Гровер и Сельма ходили на цыпочках по тихой квартире Дайсона на Парк-авеню, стараясь не нарушать атмосферу частного санатория. С самого утра Джорджина заперлась в ванной, а Таннер уже час был в гимнастическом зале наверху.

Решив, что Джорджина несколько задержалась с туалетом, Таннер пошел в гостиную, чтобы позавтракать и просмотреть утренние газеты. Покончив с лимонным соком и свежеиспеченной лепешкой из отрубей, он просмотрел газеты и с удивлением отметил, что Джорджины все еще нет.

Сложив „Уолл Стрит Джорнал", он вернулся в спальню. Прислушавшись, он окликнул Джорджину, потом осторожно постучал в дверь ванной и приложил ухо к двери. Чувствуя себя идиотом, он снова окликнул ее.

Но так как и на этот раз Джорджина не ответила ему, он дернул за ручку двери. Обеспокоенный тем, что она заперта, а жена молчит, он поспешил в буфетную.

Гровер открыл дверь отмычкой и почтительно отступил в сторону, пропуская Таннера.

Джорджина сидела в позолоченном шезлонге совершенно нагая. Ее широко открытые глаза бессмысленно смотрели в пространство.

– Дорогая? – в ужасе сказал Таннер и, опустившись возле нее на пол, взял ее за руку. – В чем дело, Джорджина? Ты больна?

Она молчала. Так прошло несколько мучительных секунд. Наконец, еле шевеля губами, она прошептала:

– Нет, я не больна.

Таннер дотянулся до шелкового халата, упавшего на пол, и накинул его ей на плечи.

– Почему ты сидишь тут в таком виде? Я жду тебя к завтраку.

– Я сижу здесь, потому что схожу с ума.

– Джорджина, – еле вымолвил он, цепенея от ужаса и изумления, – я позвоню доктору Уиллису.

– Не надо, Таннер, – сказала она. – Он не поможет мне.

Таннер в полной растерянности поднялся на ноги. Он никогда не видел Джорджину в таком состоянии. Она походила на зомби.

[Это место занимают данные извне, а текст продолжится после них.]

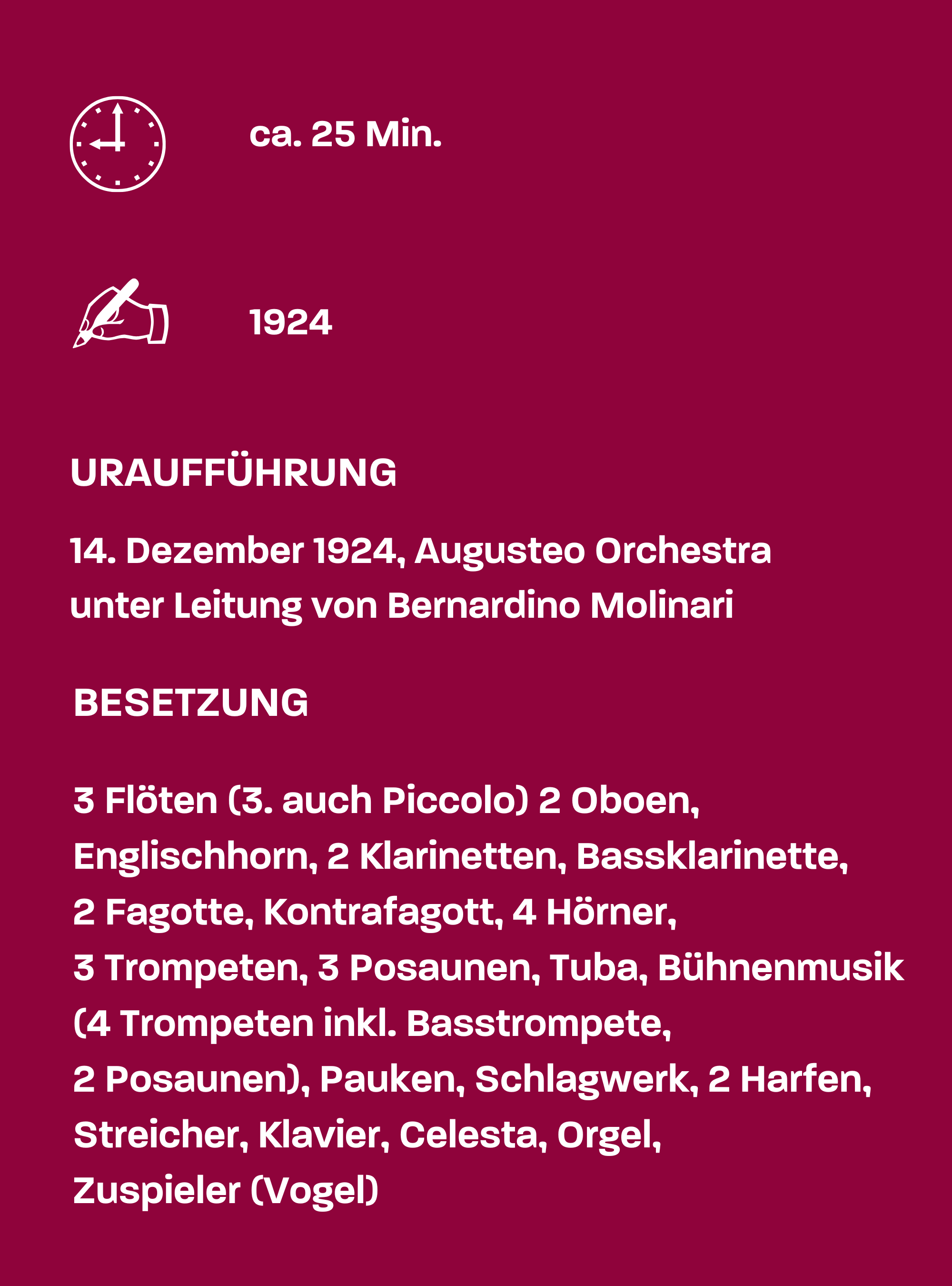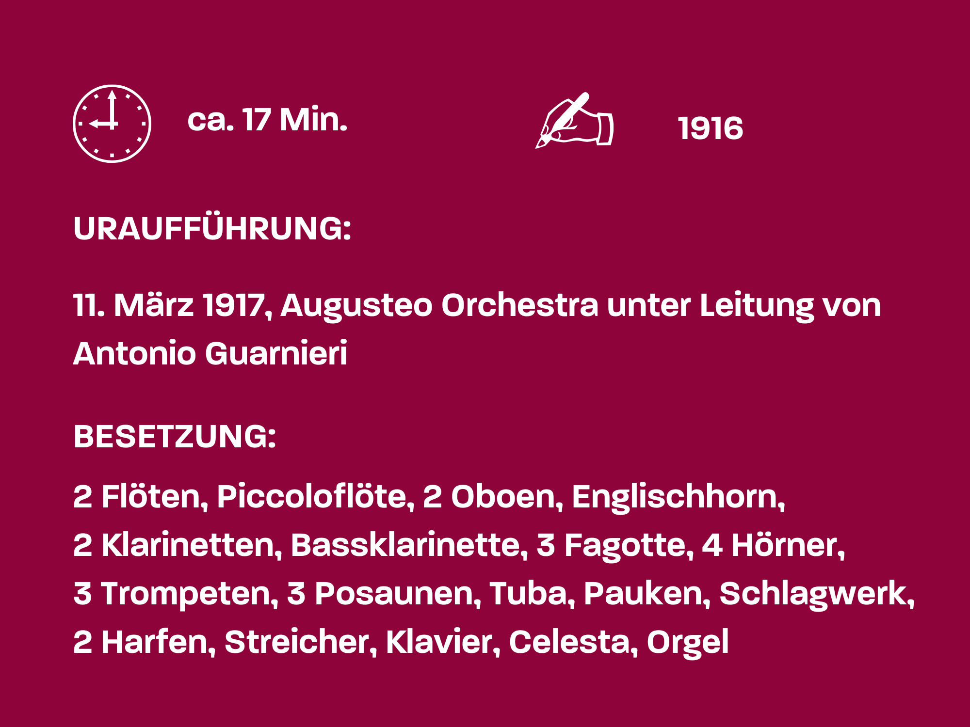 Geboren und aufgewachsen in Bologna, hatte Respighi dort ebenfalls seine musikalische Ausbildung erhalten. 1899 erwarb er am dortigen Konservatorium Abschlüsse als Geiger und Komponist, bevor er für zwei Spielzeiten von einer italienischen Opernkompanie in St. Petersburg engagiert wurde. Diese Aufenthalte ermöglichten es ihm, als Schüler von Nikolai Rimsky-Korsakow Einblicke in dessen legendäre Kunst der Instrumentation zu erhalten, mit der sich dem komplexen Organismus eines großen romantischen Orchesters Klanggemälde von überwältigender Wirkung entlocken lassen. Dieser Impuls sollte in jenen Tondichtungen besonders reife Früchte tragen, mit denen Respighi seiner neuen Heimat Rom ein überlebensgroßes Denkmal setzte und gleichzeitig den Grundstein seines eigenen Ruhms legte.

– Иди ложись в постель, дорогая. Ты простудишься здесь. – Он протянул руку, обращаясь с ней мягко и спокойно, чтобы не напугать и не встревожить ее.

Джорджина позволила взять себя за руку и легко поднялась с шезлонга. Обняв жену, Таннер нежно повлек ее к двери. С порога он позвал Гровера.

– Пожалуйста, уходите, миссис Дайсон не одета, и я хочу уложить ее в постель.

– Не прислать ли Сельму? – спросил Гровер.

– Да, да, будьте любезны. И поскорее.

Прижимая жену к себе, Таннер донес ее до постели. Сняв с нее халат, он бросил его на кресло и заботливо накрыл Джорджину одеялом.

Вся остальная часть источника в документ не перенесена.